GIVEN DATA
—————

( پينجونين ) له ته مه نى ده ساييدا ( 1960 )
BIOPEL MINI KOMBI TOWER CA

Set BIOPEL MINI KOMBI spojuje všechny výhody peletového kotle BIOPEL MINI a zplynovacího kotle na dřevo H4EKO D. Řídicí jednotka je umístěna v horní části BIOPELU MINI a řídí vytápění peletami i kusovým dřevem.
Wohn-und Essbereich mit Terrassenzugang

—————

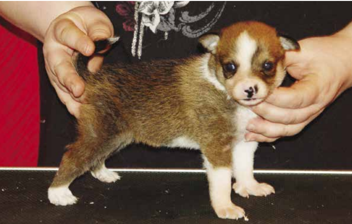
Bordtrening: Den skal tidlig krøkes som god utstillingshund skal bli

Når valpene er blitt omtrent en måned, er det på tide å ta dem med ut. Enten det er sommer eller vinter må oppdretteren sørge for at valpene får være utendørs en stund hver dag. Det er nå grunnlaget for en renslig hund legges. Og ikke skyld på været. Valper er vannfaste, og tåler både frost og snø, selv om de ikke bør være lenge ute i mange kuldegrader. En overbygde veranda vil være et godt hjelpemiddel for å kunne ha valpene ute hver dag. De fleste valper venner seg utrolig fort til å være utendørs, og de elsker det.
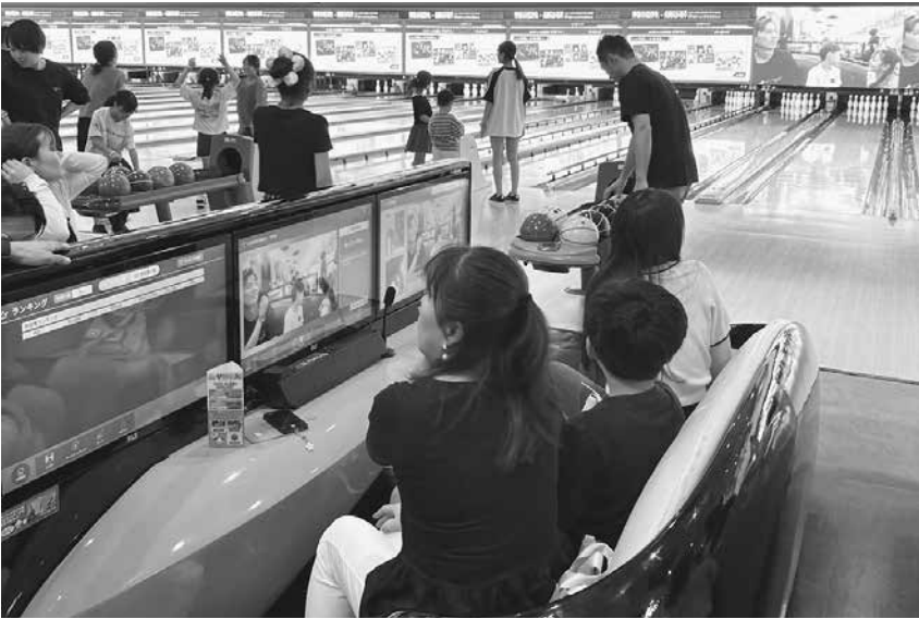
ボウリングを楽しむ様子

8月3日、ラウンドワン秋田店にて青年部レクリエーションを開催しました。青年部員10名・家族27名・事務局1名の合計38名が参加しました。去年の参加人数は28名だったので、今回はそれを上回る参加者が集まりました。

—————

EXERCISE
Taking the entries above, copy word for word the lines from the one with "Bordtrening: Den skal" up to and including the one with "8月3日、ラウンドワン秋田店", without any picture.

ANSWER FOR THE TASK
Bordtrening: Den skal tidlig krøkes som god utstillingshund skal bli

Når valpene er blitt omtrent en måned, er det på tide å ta dem med ut. Enten det er sommer eller vinter må oppdretteren sørge for at valpene får være utendørs en stund hver dag. Det er nå grunnlaget for en renslig hund legges. Og ikke skyld på været. Valper er vannfaste, og tåler både frost og snø, selv om de ikke bør være lenge ute i mange kuldegrader. En overbygde veranda vil være et godt hjelpemiddel for å kunne ha valpene ute hver dag. De fleste valper venner seg utrolig fort til å være utendørs, og de elsker det.
ボウリングを楽しむ様子

8月3日、ラウンドワン秋田店にて青年部レクリエーションを開催しました。青年部員10名・家族27名・事務局1名の合計38名が参加しました。去年の参加人数は28名だったので、今回はそれを上回る参加者が集まりました。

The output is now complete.